他的眼底满是怨毒,显然是打算把事情闹大。
颜宁气得想上去踹沈父几脚。
“闭嘴吧!我嫂子在生孩子你就非要给她添堵是吗?她也是倒了八辈子血霉了居然会遇到你这么个臭傻逼!”
给颜宁逼得都说脏话了,可见沈父的行为到底有多恶心人。
慕太太皱了皱眉,瞪了颜宁一眼说:“他不愿意走就让人堵住嘴摁着站在一边角落里等就好,何必跟这样的人浪费时间?”
“宁宁你也是,真以为这是在家里?注意言辞,别给你爸妈丢人。”
“我知道了小姨。
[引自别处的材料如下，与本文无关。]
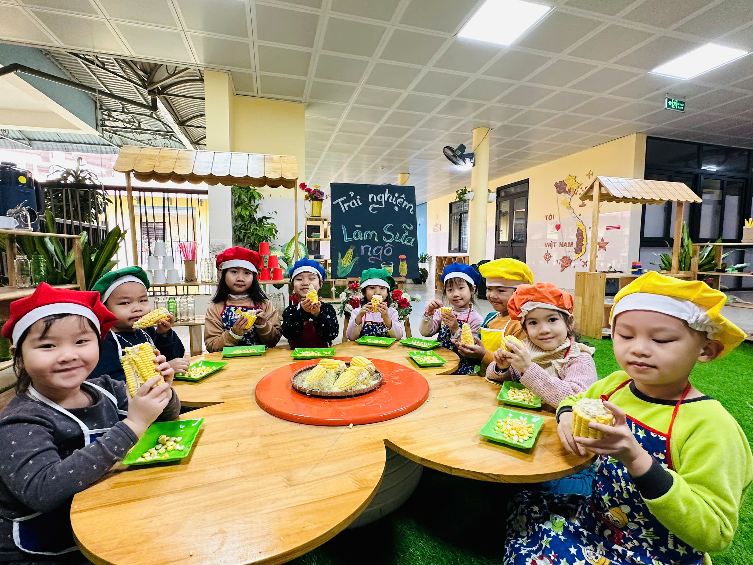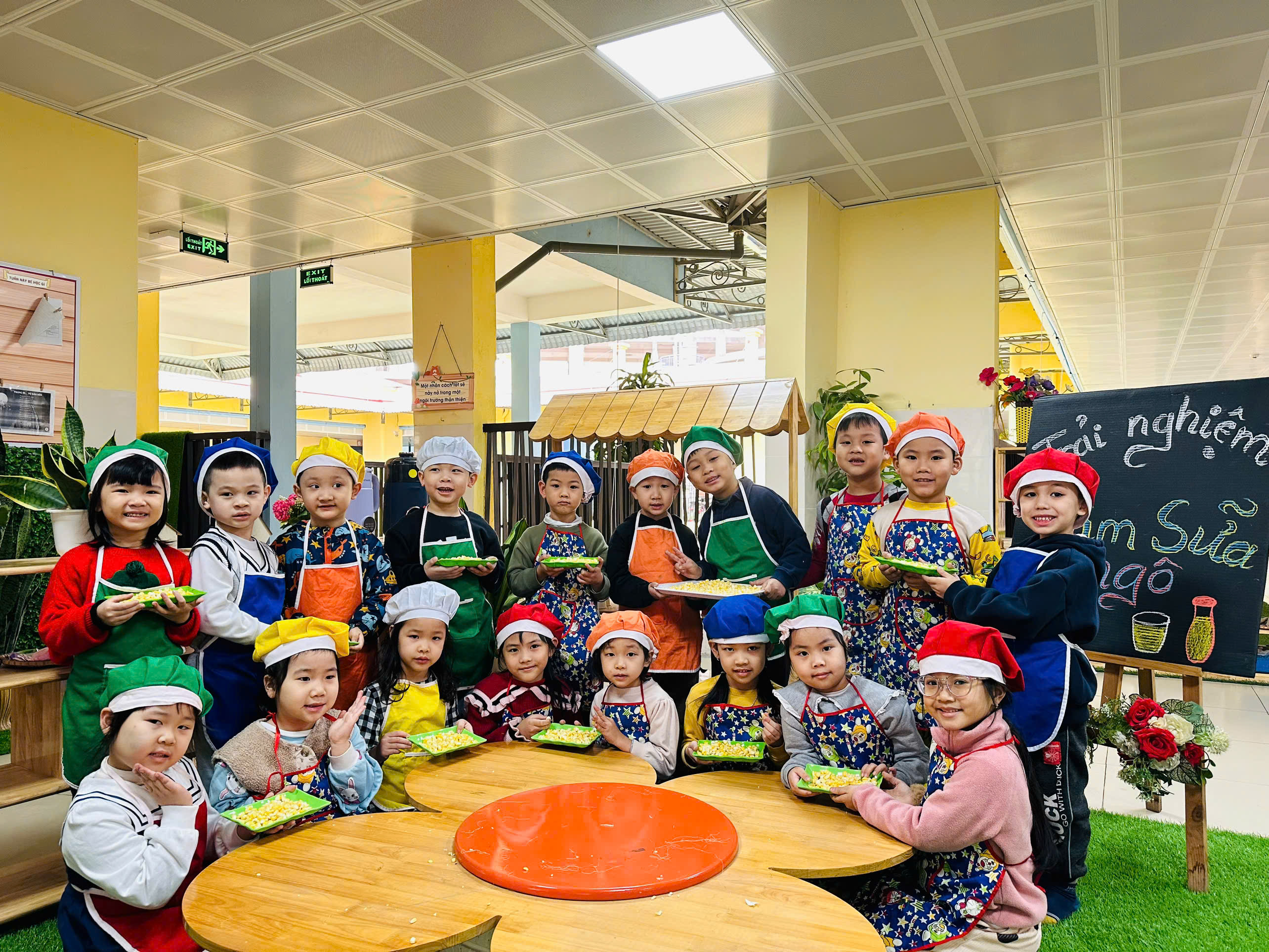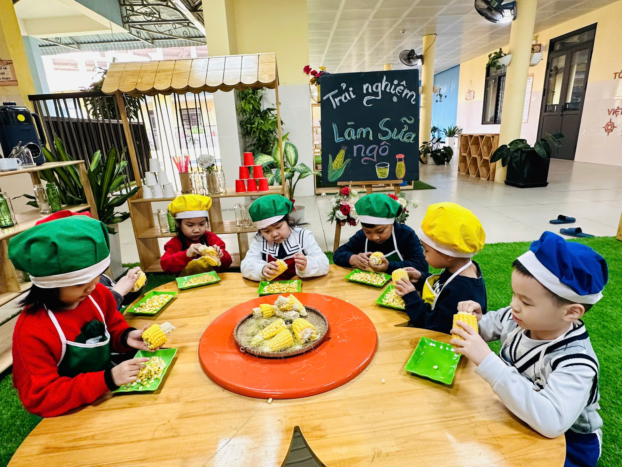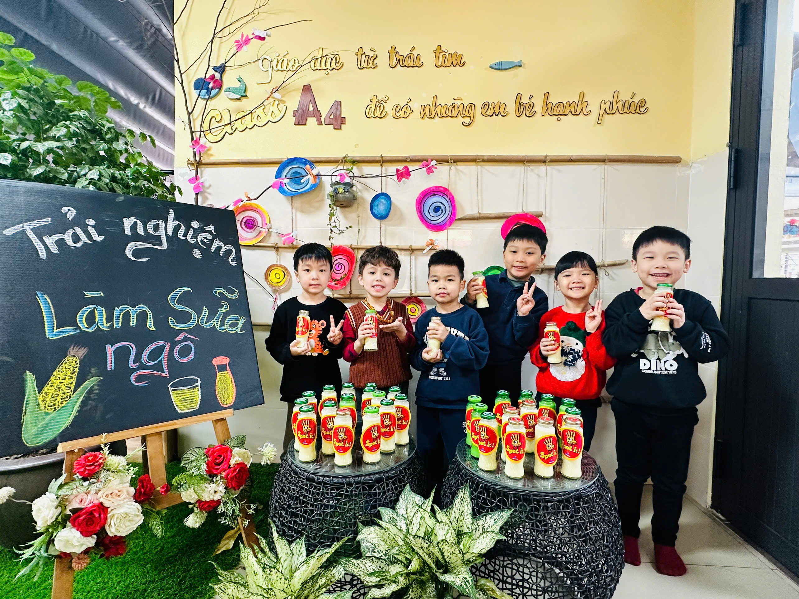 Sữa ngô là thức uống dinh dưỡng rất tốt cho sức khoẻ. Với những nguyên liệu rất gần gũi với trẻ như: Ngô ngọt, sữa tươi, sữa đặc, nước lọc, máy làm sữa hạt , cốc giấy. Các bé lớp mẫu giáo A4 được cô hướng dẫn và tự tay làm những cốc sữa ngô thơm ngon, béo ngậy. Những đôi mắt xinh chăm chú, háo hức cùng bàn tay khéo léo, các con cùng cô chuẩn bị nguyên liệu,rửa ngô, tách hạt ngô và cho các nguyên liệu vào máy làm sữa hạt để tạo nên những cốc sữa ngô thơm ngon nóng hổi và hào hứng thưởng thức thành quả do chính mình làm ra. Bố mẹ cùng nhìn lại các hình ảnh của các bé trong buổi trải nghiệm thú vị này nhé!
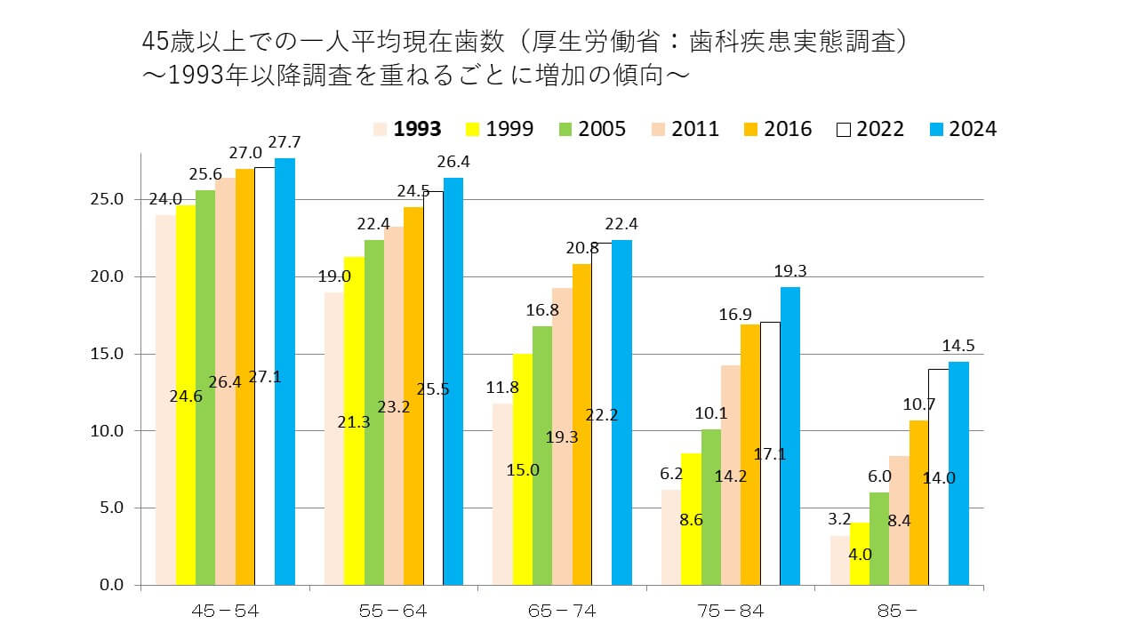 これからの日本の目標は、健康寿命の延伸です。健康寿命とは、健康で明るく元気に生活する期間、つまり寝たきりや痴呆にならない期間のことです。そのためには、歯の寿命を伸ばすことが大切。自分の歯の本数(現在歯数)は各年代で増えていきます。今後も8020運動を続けていくことによって、歯の寿命を伸ばし、健康寿命を伸ばすことが可能です。

”
颜宁很听慕太太的话,压下厌恶情绪后还冲着沈父笑了笑,特意道歉说不该骂他。
这话像是一个耳光甩在沈父的脸上。
他作为一个长辈毫无长辈的样子,甚至还没有一个晚辈懂事。
他看向其他人,试图拉拢一个人站在自己这边。
毕竟从过来开始,他就一直受针对。
可在场的人怎么可能有人愿意站在他这边?
纷纷转过头不去看他,只当这里没这个人存在。
沈父两眼一翻,竟然真的活活被气晕了过去。
恰在这个时候,产房内传出一道嘹亮的哭声。
所有人都精神为之一振,齐刷刷地扭头朝着产房的门边涌了过去。
“生了吗?”
“是不是生了?”
隔间的门很快被打开,略显疲惫的医生护士走了出来。
慕云澈第一时间开口:“医生,我太太怎么样了?”
医生愣了一下,在妇产科待了这么多年,慕云澈是极少数第一时间问产妇的丈夫之一。
看他满脸紧张忐忑,看都没看护士手上的襁褓一眼,医生眼底含笑,轻声说:“恭喜,母子平安,是个六斤声音嘹亮的健康小子。”